Watching his dominance and ability to take over games so early in his career unsurprisingly has led to a lot of hype as far as Caleb’s potential NFL career is concerned.

Hazard: What Happens When Talented NFL Defenses Come To The Forefront?

In the Big 12 at OU, and especially in the Pac 12 at USC, Caleb faced a series of hapless defenses. He seldomly felt pass rush, and when he did, the rushers didn’t have the speed, agility, or football sense to keep up with him. More often that not, he had an open receiver to throw to, as the all-star lineup of transfers that Lincoln Riley assembled easily outran their matchups in a “defense doesn’t matter” version of the Pac 12.
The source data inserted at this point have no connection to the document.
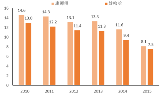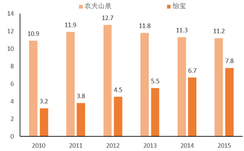 2011-2015 年,瓶裝水行業(yè)的 CAGR 達到 15.5%,高出整個軟飲料行業(yè) 2PCT, 位列所有子行業(yè)第二位。具體到每年的行業(yè)增速上去,瓶裝水行業(yè)增速亦由 2011 年 的增速墊底攀升至 2015 年的子行業(yè)增速領先,五年來增長率均保持在 10%以上的中 高速增長。因此,瓶裝水在替代品威脅這一塊上攻守兼?zhèn)洌环矫婺塬@得比整個軟飲料行業(yè)更高的增長速度,另一方面還兼具對其他品類市場份額的替代能力。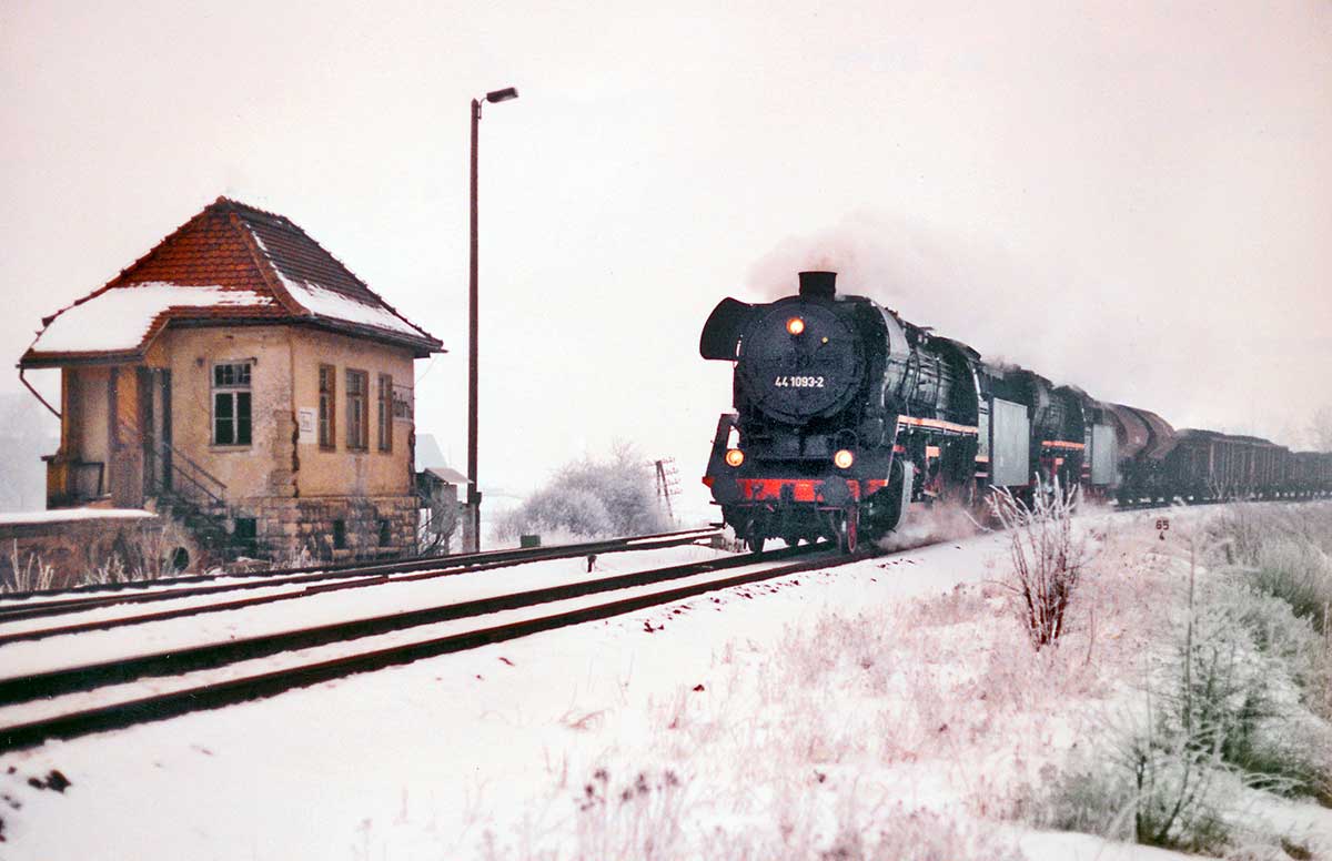 Schön auch noch zu erkennen die rückgebaute Oberleitungsanlage zwischen Neudietendorf und Arnstadt.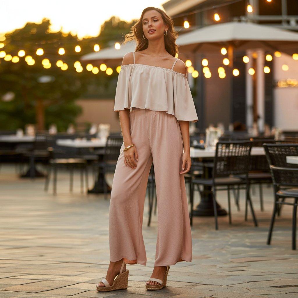 For those warm summer nights where you want something a bit dressier but still comfortable, an off-shoulder top with wide-leg pants and wedges works beautifully. The off-shoulder top feels breezy and fun, while wide-leg pants give flow and movement.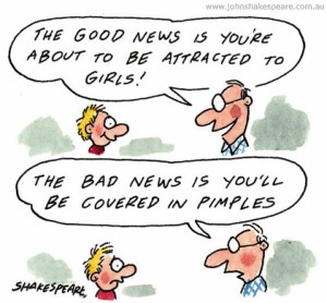 It’s a fact that a boy’s voice changes, which can be hilarious – not for the boy – and it quickly becomes the talking point … literally. Every family member is suddenly going to have long conversations with the poor boy, only to burst out laughing when his voice breaks.

He rarely had to be in hostile road environments (this season when he has to play Oregon and Washington will be a test of that), and when he did (at Baylor, at Kansas, at Oregon State, at Oklahoma State), he lost more often than not. When tight coverage comes into play, he often overplays and tries to play hero ball, and ends up throwing uncharacteristic interceptions. While this could be a problem of the past, no defense that could test that came to play against USC. The NFL could be a sobering reality for him in that sense.

Hazard: Lincoln Riley Quarterbacks

On paper, one may think “what is this guy talking about? Look at the Heisman winners and top draft picks Lincoln has produced! What about Jalen Hurts?”. The onion needs to be peeled more, though. Mayfield was a transfer, Murray was a transfer, but it is true that those two experienced a majority of their development under Riley.
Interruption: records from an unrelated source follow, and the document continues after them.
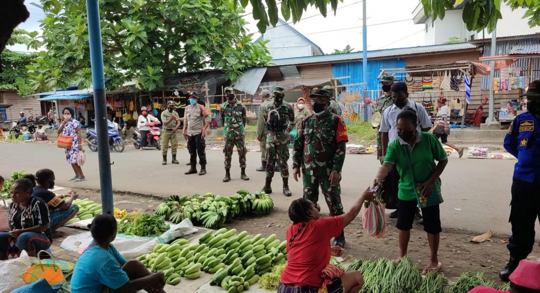 Edukasi PPKM Darurat, Koramil Manokwari Sasar Pasar Sanggeng
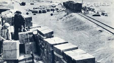 兰(州)新(疆)铁路不断地从兰州向西修筑,火车已经通到接近新疆的峡东车站。运往新疆、青海和西藏的物资在这里卸车后,再用汽车转运。(1958年)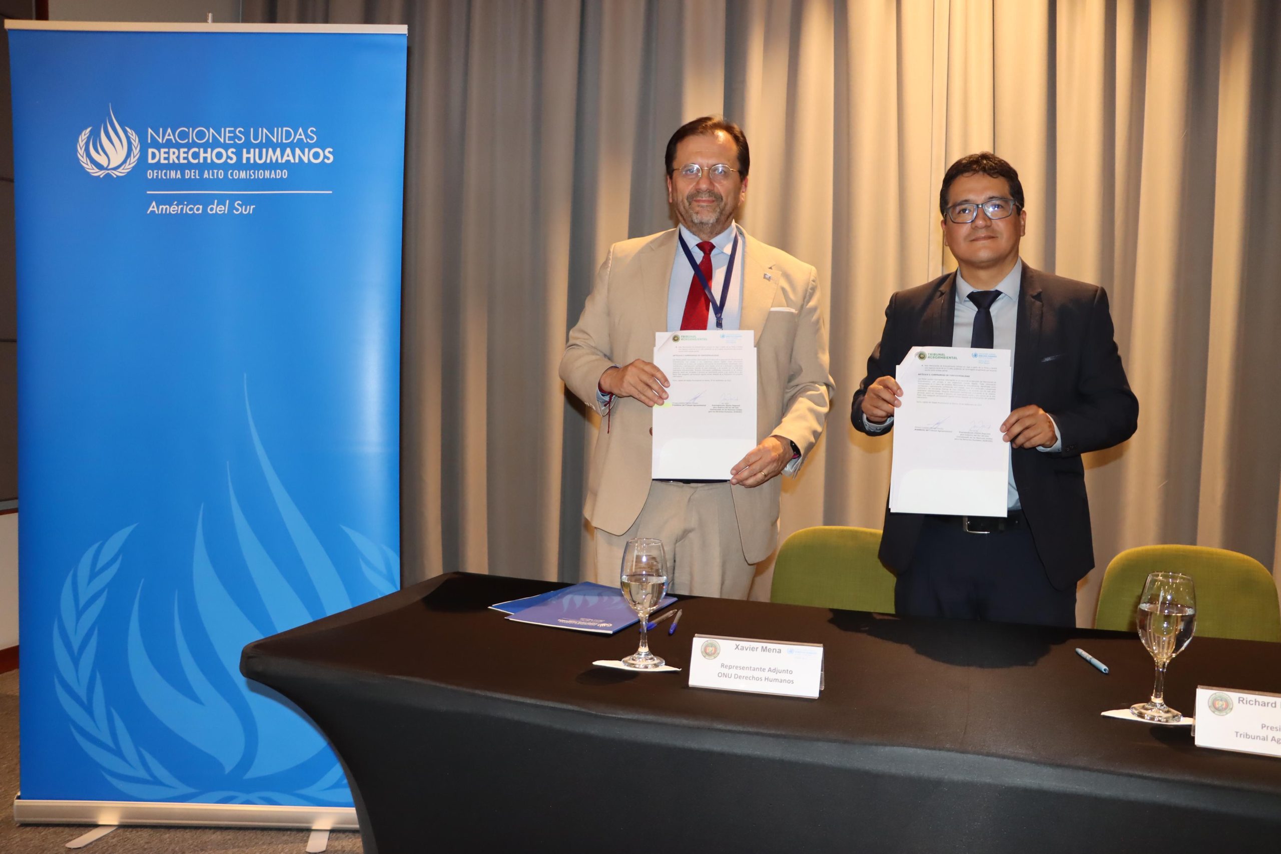 De parte de ONU Derechos Humanos participó en el evento el Representante adjunto para América del Sur, Xavier Mena. En su alocución, Mena destacó la dimensión ambiental, de derechos de los Pueblos Indígenas y la protección de las personas defensoras de derechos humanos como ámbitos prioritarios en este acuerdo de cooperación, reconociendo el rol que desempeña el Tribunal Agroambiental en tales materias.

Hurts was already a top-caliber quarterback under Saban and won a national championship with Alabama before coming to OU, and it was his mentorship and that of Nick Siriani that have carried him to this level, not that of Riley. When we actually look at the two primarily Riley products in the NFL, Mayfield is of course extremely talented, but left his highest level very early and hasn’t been able to replicate it. Murray has had issues with his maturity and work ethic, and has struggled as a Cardinal immensely in the last year, and disappointed the year before after a blistering 7-0 start.
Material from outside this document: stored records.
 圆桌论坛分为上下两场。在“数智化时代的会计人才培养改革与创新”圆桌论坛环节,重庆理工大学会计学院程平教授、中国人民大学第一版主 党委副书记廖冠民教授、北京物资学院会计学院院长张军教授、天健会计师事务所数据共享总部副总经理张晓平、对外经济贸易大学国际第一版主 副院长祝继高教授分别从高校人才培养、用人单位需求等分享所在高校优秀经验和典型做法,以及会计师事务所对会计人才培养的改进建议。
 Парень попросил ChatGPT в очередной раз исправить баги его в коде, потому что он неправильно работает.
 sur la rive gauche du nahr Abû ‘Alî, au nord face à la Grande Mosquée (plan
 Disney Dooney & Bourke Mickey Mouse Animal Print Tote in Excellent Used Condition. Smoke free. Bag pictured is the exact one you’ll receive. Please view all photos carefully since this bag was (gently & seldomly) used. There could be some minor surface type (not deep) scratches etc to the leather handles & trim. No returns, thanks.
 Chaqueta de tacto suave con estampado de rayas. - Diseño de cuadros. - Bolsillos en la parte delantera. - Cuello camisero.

His first ever “from scratch” product, Rattler, produced his highest level in his freshman year before being benched after struggling his sophomore year, and then having an up-and-down season at South Carolina, where his improvement only really hit when the influence of Shane Beamer laid in. High talent, quick burnout, and short stints with their teams has been the pattern for Riley’s proteges, and NFL scouts need to keep this in mind when evaluating Caleb.

The character issues that Caleb has shown, the poor response to losses, the explicit fingernail painting, the treatment of OU fans by his family after his transfer, can likely be traced to Riley as well. After all, he has had issues with other proteges, Baker’s sideline demeanor against Kansas and the disorderly conduct incident coming to mind, and handled his departure from OU as badly as possible. Will these issues translate to the NFL? This could depend a lot on who ends up mentoring Caleb when he enters the league.

The Bottom Line

There’s no question that Caleb Williams’ raw talent, competitiveness, and athleticism make him an intriguing prospect for the NFL. However, before christening him as the no-brainer top pick and a guaranteed star, much more needs to be seen from him. And in the Pac 12, I don’t know if scouts will be able to gauge everything they need to gauge.